Thursday, August 6, 2009

What Do I Do All Day?

I’m periodically asked by younger health care leaders, including physicians, what I do all day

It may seem that handing them my job description would be a sufficient to answer their query. However, what they really want to know is what general areas do I focus on—how do I spend my time--and how that might be different today compared to my leadership schedule in the past.

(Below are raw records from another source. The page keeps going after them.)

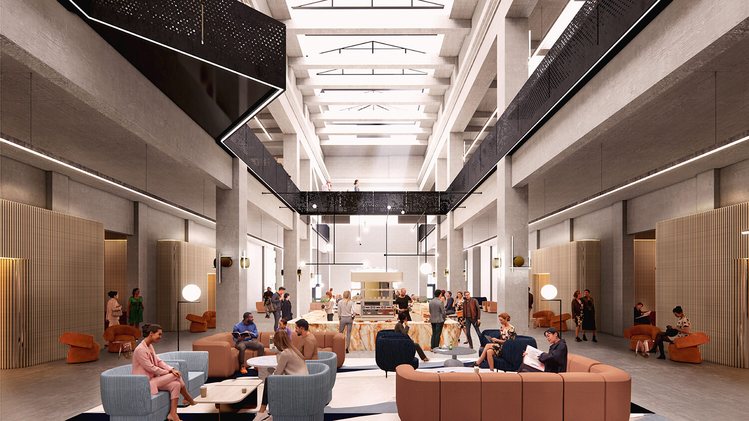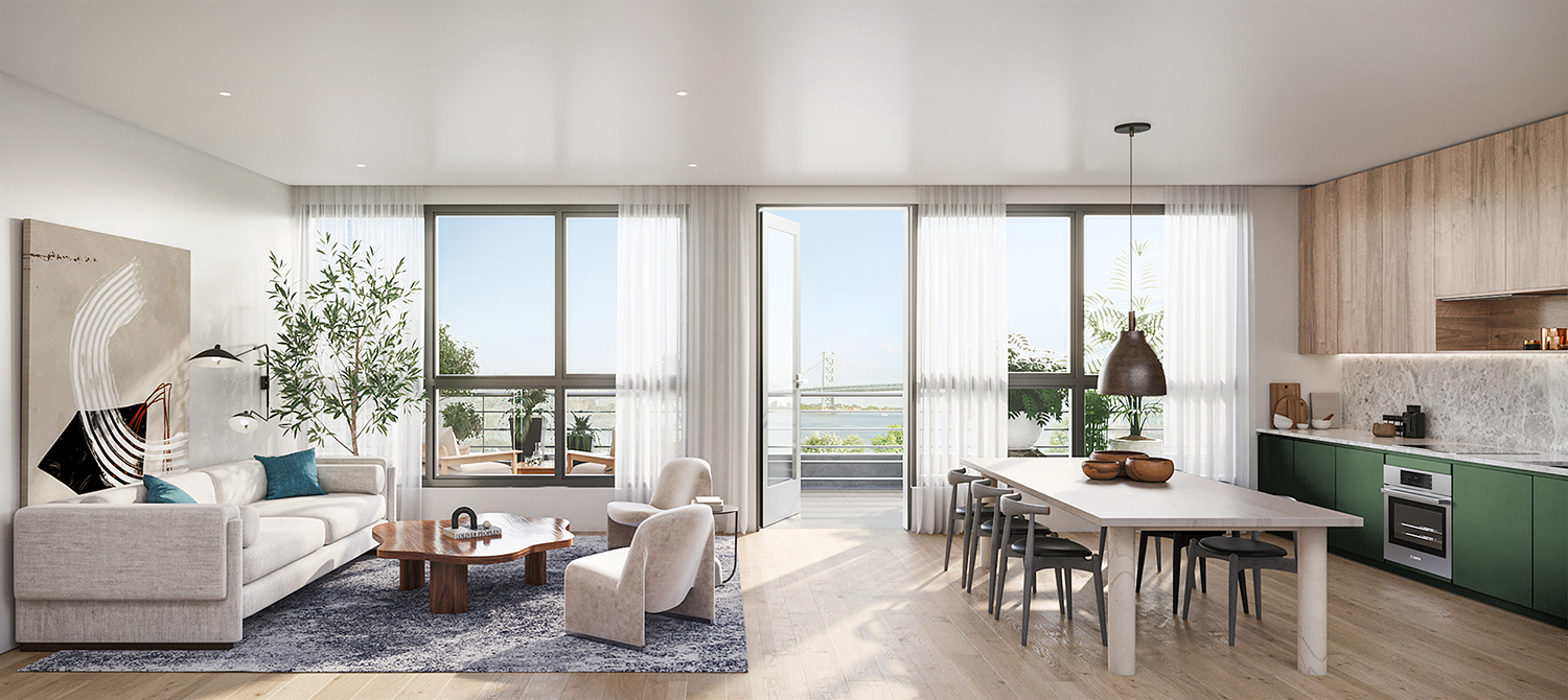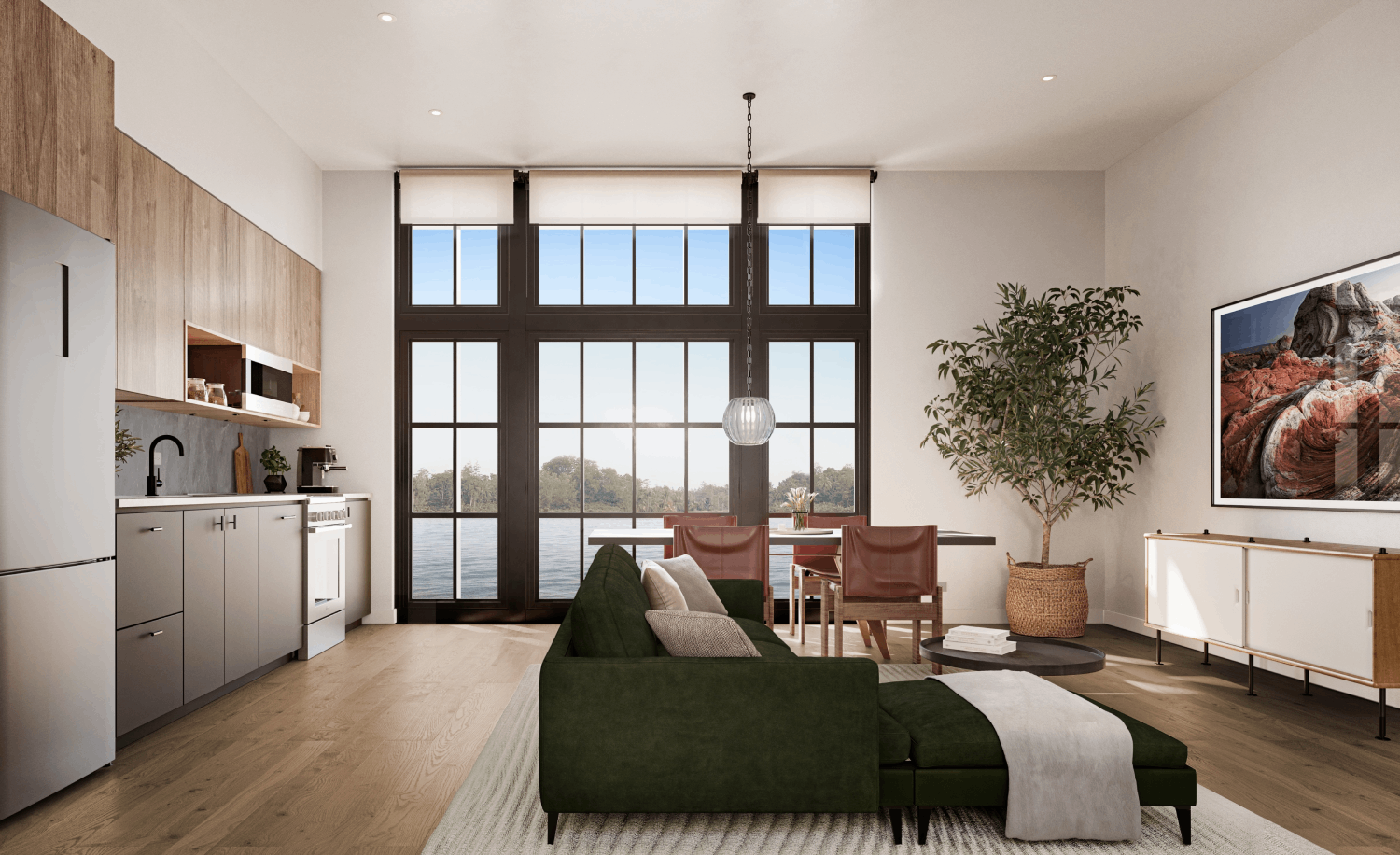 The interior spaces rival the building’s grand exterior, with a complete reimagining of the space. An industrial-modern vibe hearkens back to the building’s past while suiting the needs of today’s lifestyle. The project will include apartments, furnished short-term units, office and co-working space, with all of the bells and whistles you’d expect from a project of this scale. Landscaped outdoor space, a state-of-the-art gym, and an expansive roof deck overlooking the waterfront will provide wellness options that are a driving force for this project. Cohere is handling the branding, so even the tiny details of the development are starting to come to light, as you can see below.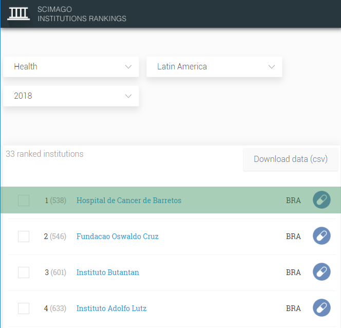 O Hospital de Amor Barretos recebeu uma grande notícia na última semana! A instituição conquistou a primeira colocação no levantamento da Scimago Institutions Rankings (SIR), entre os centros de saúde que atuam na área de pesquisa na América Latina. O SIR é um recurso internacional de avaliação científica para classificar universidades e instituições (públicas ou privadas), que revela algumas das principais dimensões (pesquisa, inovação e impacto social) do desempenho de pesquisa de instituições dedicadas à área em todo o mundo. O objetivo do ranking é fornecer uma ferramenta métrica útil para as entidades, formuladores de políticas e gerentes de pesquisa para a análise, avaliação e melhoria de suas atividades, produtos e resultados.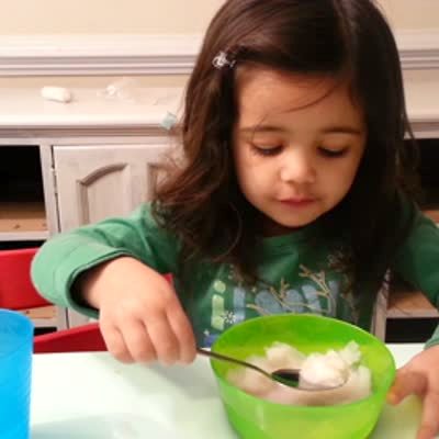 A tot girl eats ice cream indoors and her arms stiffen up as she makes a funny face from brain freeze.

I quickly respond by saying that the areas I concentrate on today are somewhat different than in the past, both in description and function. My work week can generally be divided into the following areas of responsibility and accountability:
Operationally-focused CEO Whereas CEOs of the past often relied totally on their COOs for day-to-day operational efficiencies and fiscal stabilities, today a successful CEO must be able to articulate, at least at a high level, what operations is doing, what improvement plans are in place and what future operations will look like quarter-to-quarter. Audiences ranging from the system board to bond raters and investors expect me to speak to these areas in a credible way, demonstrating a far greater depth of understanding than would have been expected in the past.
Creating a sound vision for the future There is no question that in the increasingly challenged health care industry, keeping people focused on a clear vision/direction for the system is key. This vision must be easily articulated and understood by Associates at all levels of the organization. Much of my time is spent with management and governance teams, discussing this very topic.
Understanding the “change” agenda Many CHRISTUS strategies and tactics have to do with maintaining the status quo while making it more efficient and effective. However, critical to our success are certain areas which must be radically changed. It is imperative that I spend as much time as possible on not only identifying these areas, but paving the way for change.
Teaching, coaching and mentoring future leaders Prior posts on my blog have been written on this key success factor. It will always be true where we are successful, we have the right leader and where we are not, we don’t! It is our job to make sure that those to which we give responsibility are sufficiently educated to lead effectively and accept accountability.
Balance “present” and “future” time and energy If the present does not work, there will be no future without substantial investment. The money we spent on Futures Task Force II will have been wasted if our cash flow cannot sustain current operations.
Creating the culture of the organization For us, that has been creating a culture of excellence built on the foundation of our mission, vision and values. This is done through constant focus on the 4 directions of our Journey to Excellence, connecting everything we do to them. Because no consultant or association can pluck a culture off the shelf and make it work, I must walk the culture walk and talk the culture talk each and every day.